Etroitement lié aux biens de consommation, le trafic de conteneurs connaît un recul significatif de 9 % avec sur ces neuf mois 2009 un tonnage de 16,3 Mt contre 18 Mt en 2008. Rapporté en nombre d'unités manutentionnées sur l'ensemble des terminaux havrais, cela correspond à 1,65 millions d'EVP contre 1,8 million sur la période précédente.
Le trafic des vracs liquides constitués à 95% de pétrole brut et de produits raffinés est en léger retrait à 34,3 Mt. Quant aux vracs solides, tous secteurs confondus, ils atteignent à peine les 3 Mt.
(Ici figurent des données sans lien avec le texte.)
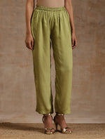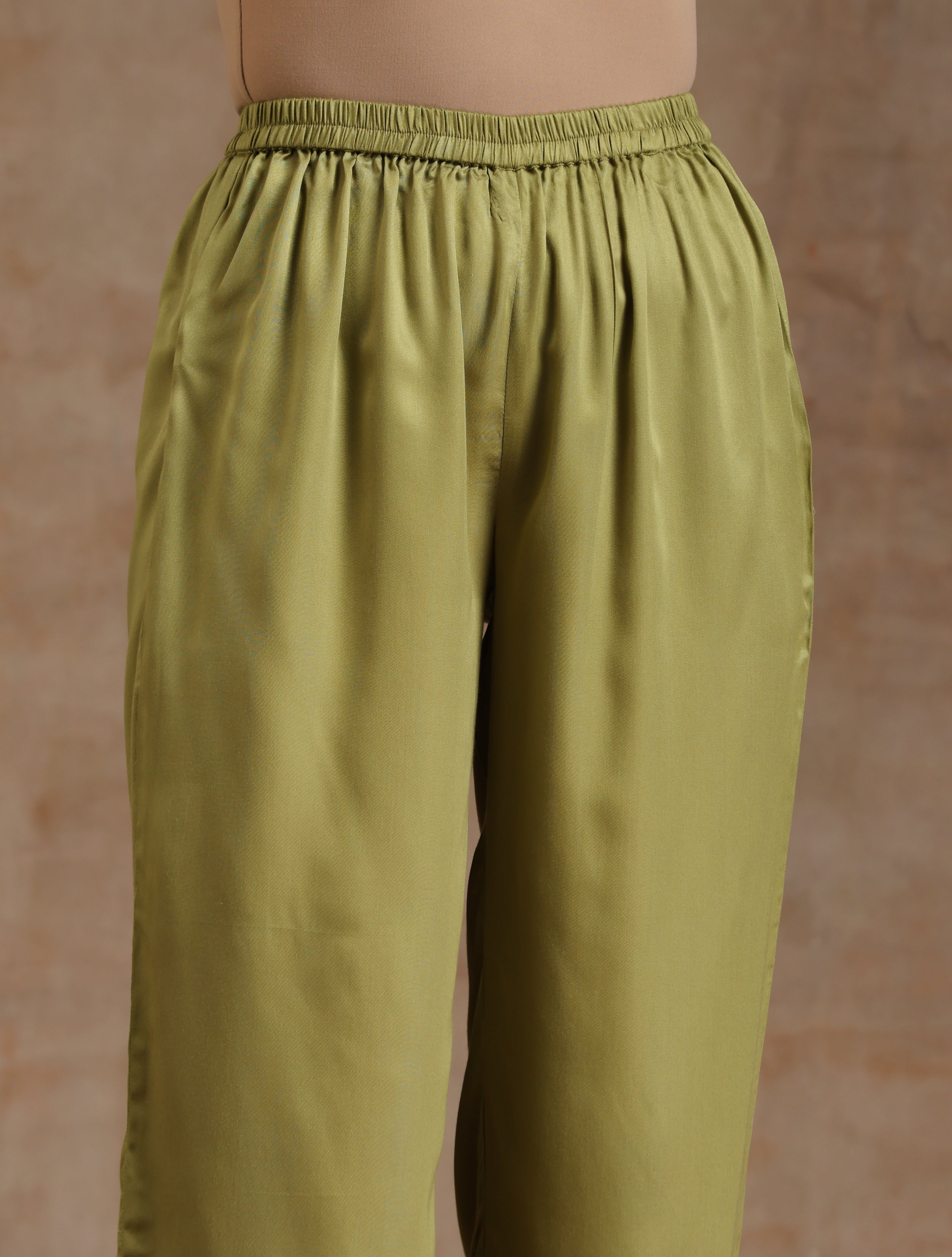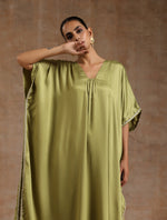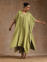 trueBrowns Light Green Modal Satin Kaftan Kurta SetDescription Modal satin kaftan kurta with neck gather and side lace details. Paired with elastic...
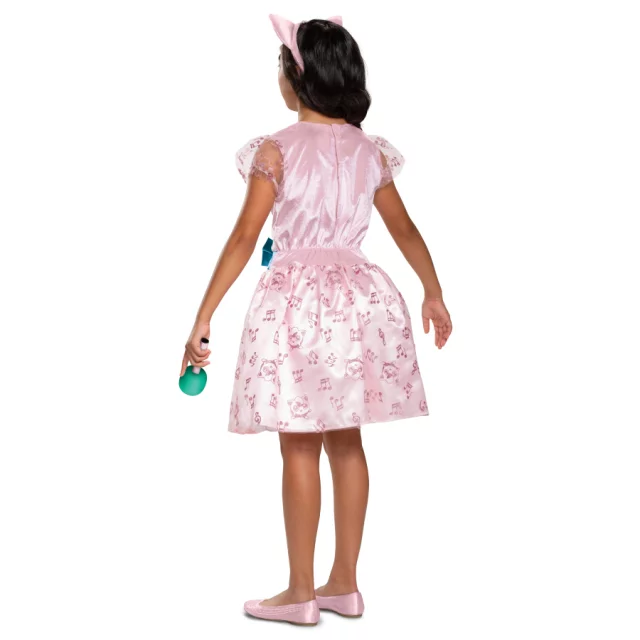 Różowa sukienka z muzycznymi motywami, błyszczącymi rękawkami, mikrofonem i kokardką w pasie uzupełniona jest opaską z uszkami Jigglypuffa. Idealny wybór na bal przebierańców, przyjęcie urodzinowe lub zabawę w domu – magia i urok Pokémonów w jednym stroju!ROZMIARY

Concernant le transmanche, le nombre de passagers a diminué de 8,2 % avec 268.000 voyageurs contre 292.000 à fin septembre 2008.
Malgré ces reculs, le nombre total de navires opérés au port du Havre est resté quasiment le même qu'en 2008 avec 4.744 escales ; de même que le nombre de destinations servies dans les mêmes fréquences. Cela montrerait que les opérateurs et armateurs proposent le même niveau de service, convaincus qu'il faut anticiper sur une sortie de la crise. Les dernières tendances enregistrées en cette fin d'année s'orientent vers une relative stabilisation des trafics par rapport au début de l'année.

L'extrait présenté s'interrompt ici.